▶ Study material

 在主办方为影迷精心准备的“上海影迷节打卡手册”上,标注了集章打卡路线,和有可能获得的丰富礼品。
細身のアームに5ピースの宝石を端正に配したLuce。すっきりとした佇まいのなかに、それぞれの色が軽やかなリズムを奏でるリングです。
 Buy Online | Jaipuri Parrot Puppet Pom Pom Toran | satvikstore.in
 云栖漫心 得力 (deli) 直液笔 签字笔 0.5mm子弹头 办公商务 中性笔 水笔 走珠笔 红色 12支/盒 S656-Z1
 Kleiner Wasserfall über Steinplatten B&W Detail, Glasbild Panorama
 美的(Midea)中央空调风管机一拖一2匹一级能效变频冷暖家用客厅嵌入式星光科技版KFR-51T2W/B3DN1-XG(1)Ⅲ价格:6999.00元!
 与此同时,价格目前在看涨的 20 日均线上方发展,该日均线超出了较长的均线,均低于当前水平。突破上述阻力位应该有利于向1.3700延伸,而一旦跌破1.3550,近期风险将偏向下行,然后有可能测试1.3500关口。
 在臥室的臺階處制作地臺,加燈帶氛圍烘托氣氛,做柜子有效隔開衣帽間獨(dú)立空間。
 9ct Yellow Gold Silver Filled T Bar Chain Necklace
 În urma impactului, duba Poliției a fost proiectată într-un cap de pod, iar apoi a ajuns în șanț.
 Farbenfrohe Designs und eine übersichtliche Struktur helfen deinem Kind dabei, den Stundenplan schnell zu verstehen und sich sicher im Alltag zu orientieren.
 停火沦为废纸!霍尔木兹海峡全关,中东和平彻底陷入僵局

▶ Work required
All that is wanted is the run of lines from the start of the data through the line containing "Farbenfrohe Designs und", copied word for word.

▶ Solution to this exercise
 在主办方为影迷精心准备的“上海影迷节打卡手册”上,标注了集章打卡路线,和有可能获得的丰富礼品。
細身のアームに5ピースの宝石を端正に配したLuce。すっきりとした佇まいのなかに、それぞれの色が軽やかなリズムを奏でるリングです。
 Buy Online | Jaipuri Parrot Puppet Pom Pom Toran | satvikstore.in
 云栖漫心 得力 (deli) 直液笔 签字笔 0.5mm子弹头 办公商务 中性笔 水笔 走珠笔 红色 12支/盒 S656-Z1
 Kleiner Wasserfall über Steinplatten B&W Detail, Glasbild Panorama
 美的(Midea)中央空调风管机一拖一2匹一级能效变频冷暖家用客厅嵌入式星光科技版KFR-51T2W/B3DN1-XG(1)Ⅲ价格:6999.00元!
 与此同时,价格目前在看涨的 20 日均线上方发展,该日均线超出了较长的均线,均低于当前水平。突破上述阻力位应该有利于向1.3700延伸,而一旦跌破1.3550,近期风险将偏向下行,然后有可能测试1.3500关口。
 在臥室的臺階處制作地臺,加燈帶氛圍烘托氣氛,做柜子有效隔開衣帽間獨(dú)立空間。
 9ct Yellow Gold Silver Filled T Bar Chain Necklace
 În urma impactului, duba Poliției a fost proiectată într-un cap de pod, iar apoi a ajuns în șanț.
 Farbenfrohe Designs und eine übersichtliche Struktur helfen deinem Kind dabei, den Stundenplan schnell zu verstehen und sich sicher im Alltag zu orientieren.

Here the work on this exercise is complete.